Глава третья. На птичьих правах
1. ДиковинкиПо обычаю прежних лет на «Избиение младенцев» мы отправились к Корнетову. Чудак не предупредил и, туркнувшись на Кавалергардскую, мы поцеловали замок: оказалось, еще осенью вскоре после Летопроводца, никому не сказавшись, покинул он свое долголетнее насиженное гнездо. Хочешь не хочешь, а пришлось тащиться на противоположный конец. И с грехом пополам на «птичьих правах», вися на подножке трамвая, а само собой без билетов, добрались мы до Карповки. А от Карповки до Песочной рукой подать. И благополучно отыскали дом – вроде дачи, такая легкая стройка. Но тут-то и натерпелись.24
Нам не только сказано было на Кавалергардской, но и собственными глазами все мы видели – в домовой книге записано, что квартира Корнетова № 3, а как раз № 3 в доме не было: было всего две квартиры и никакой третьей. И дворника не разыщешь – какие уж по нынешним военным временам дворники, хотя бы дворничиха высунулась! – и дворничихи нет, и спросить не у кого. Кто посмелее, заглянул было на черный ход, да сейчас же и назад: через всю лестницу врастяжку лежал рыжий пес, тихий и смирный, да кто же его знает! Правильнее всего было бы разойтись по домам, но это показалось очень обидно: в самом деле, не маленькие, в Петербурге и не отыскать!
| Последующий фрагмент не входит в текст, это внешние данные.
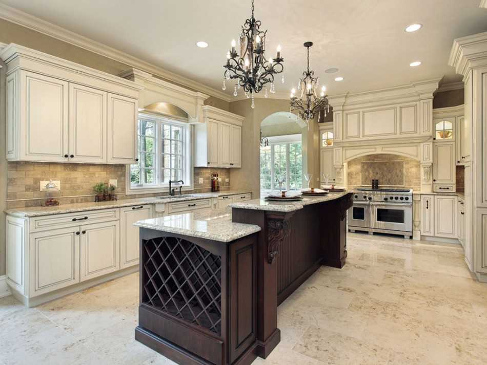 Освещение в классической кухне традиционно состоит из нескольких источников. В центре композиции – роскошная люстра, которая размещается либо четко по центру комнаты, либо над большим обеденным столом. Выбирай многоступенчатые и многоярусные конструкции с хрустальными подвесками или люстры в виде массивных подсвечников.

Кто-то заметил в верхнем этаже красные корнетовские занавески. И ободрившись, решили ломиться в квартиру № 2. Впрочем, зачем и ломиться? – звонка не было, а дверь не заперта – и оставалось только приоткрыть дверь. Да так мы и сделали. И попали во тьму кромешную.
Абраменко, превратившийся по военному времени в начальника собачьей команды, наш поводырь, из всех самый находчивый, зажег спичку. И со всякими предосторожностями двинулись мы по кривой, промерзшей лестнице, которая и привела нас к искомой двери. Тут помянешь и математику!
Спичка догорела, а новую зажечь поскупились. Кто-то впотьмах нащупал кнопку. И звонили мы по очереди, во сколько уж, не знаю, а отклика все не было. Разорились еще на спичку. Нет, не ошиблись: на двери висела корнетовская карточка. И тут же под карточкой: «позвоните и стучите». Ну, понятно, почему и отклику нам не было. И принялись мы дубасить, не щадя ни двери, ни кулаков.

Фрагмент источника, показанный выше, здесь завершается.